**Data section:**
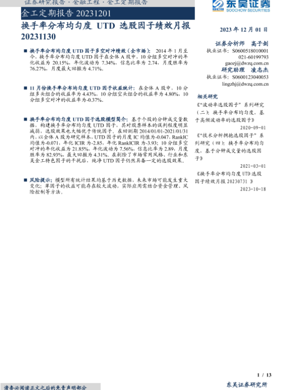 【东吴证券】【20231201】金工定期报告:换手率分布均匀度UTD选股因子绩效月报-13页 行业研究
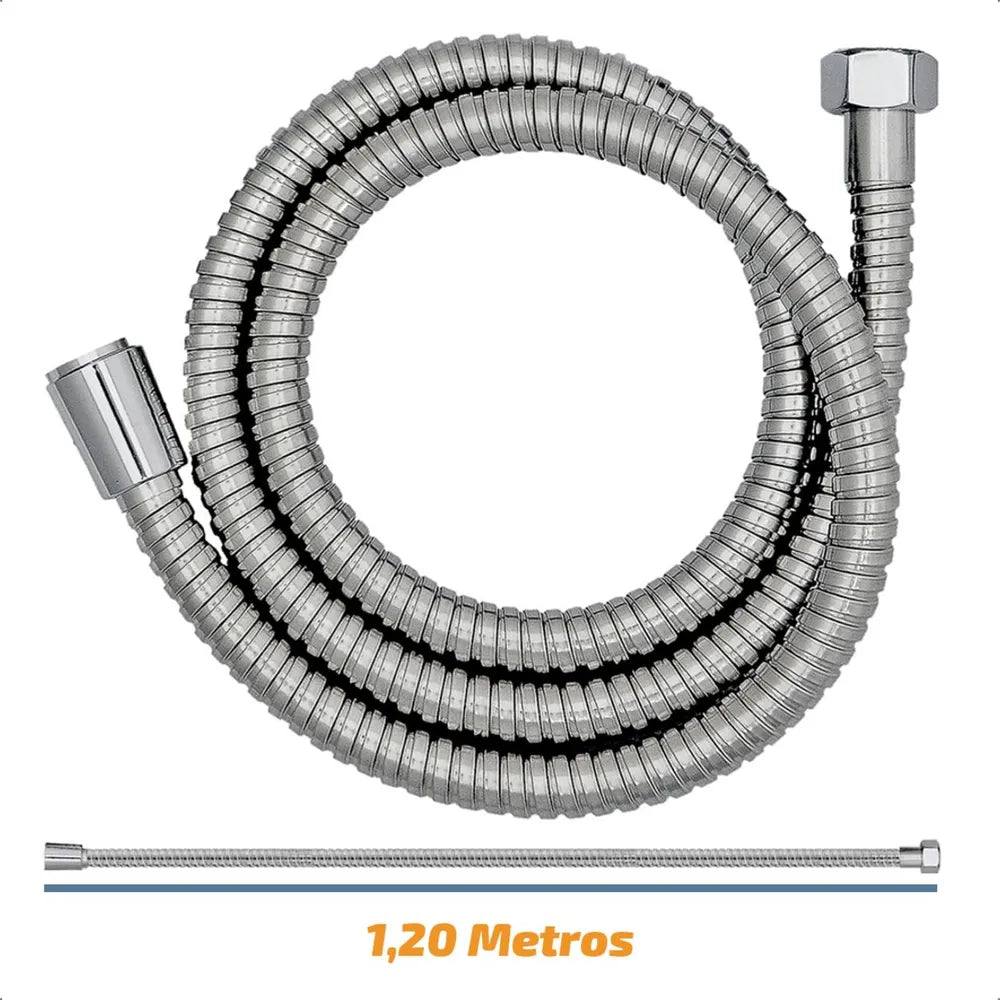 Acompanhada por uma mangueira de 1,2 metros, possui o tamanho ideal para evitar enrolações indesejadas.
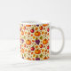 Citrouilles orange, raisins violets, pommes rouges, noix brunes et feuilles d'automne colorées font un beau thème de récolte sur cette tasse pour Thanksgiving.
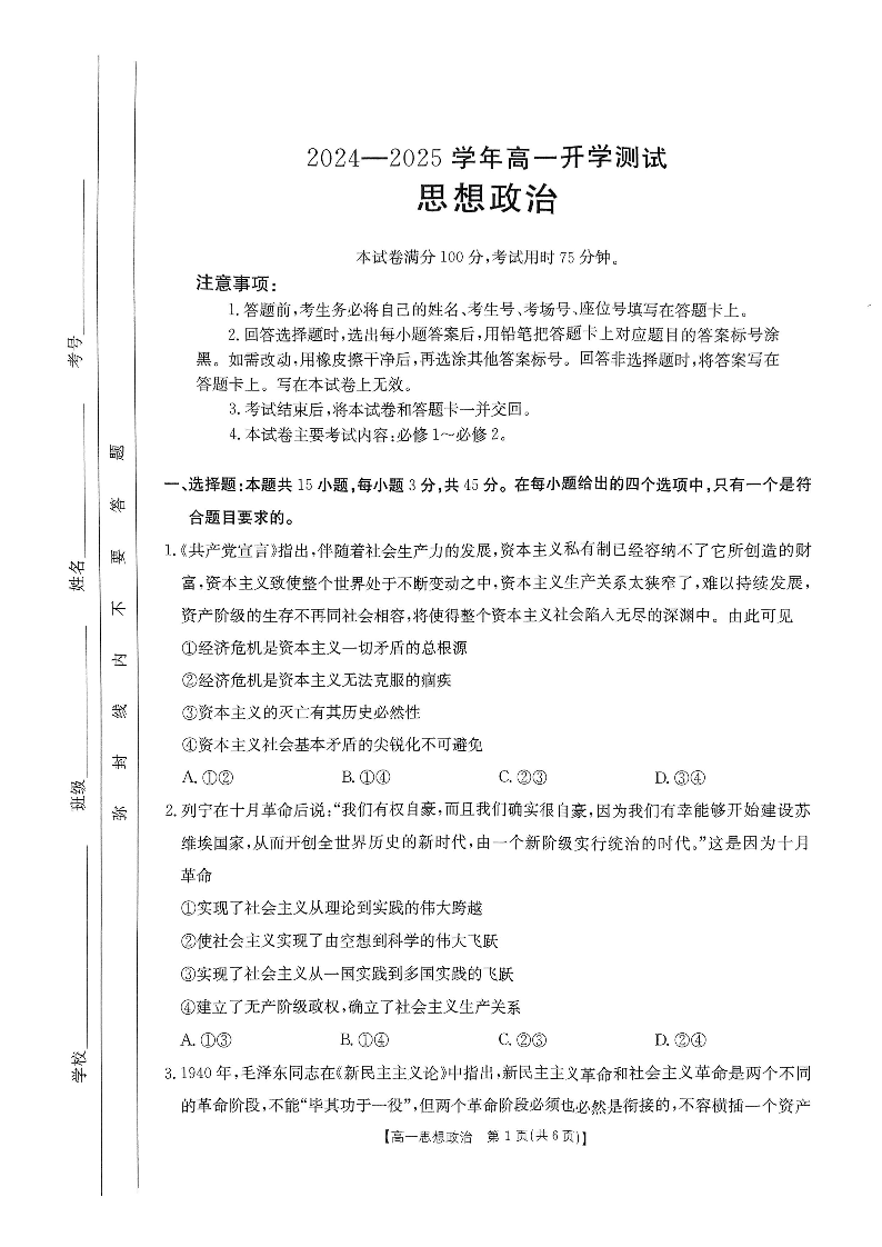 河南省区域高中2024-2025学年下学期高一开学考试政治

**Problem description:** Restate, exactly as they appear, the line with "Citrouilles orange, raisins" and all the lines after it up to the end of the data above; images do not belong in the copy.

**Output:**
 Citrouilles orange, raisins violets, pommes rouges, noix brunes et feuilles d'automne colorées font un beau thème de récolte sur cette tasse pour Thanksgiving.
 河南省区域高中2024-2025学年下学期高一开学考试政治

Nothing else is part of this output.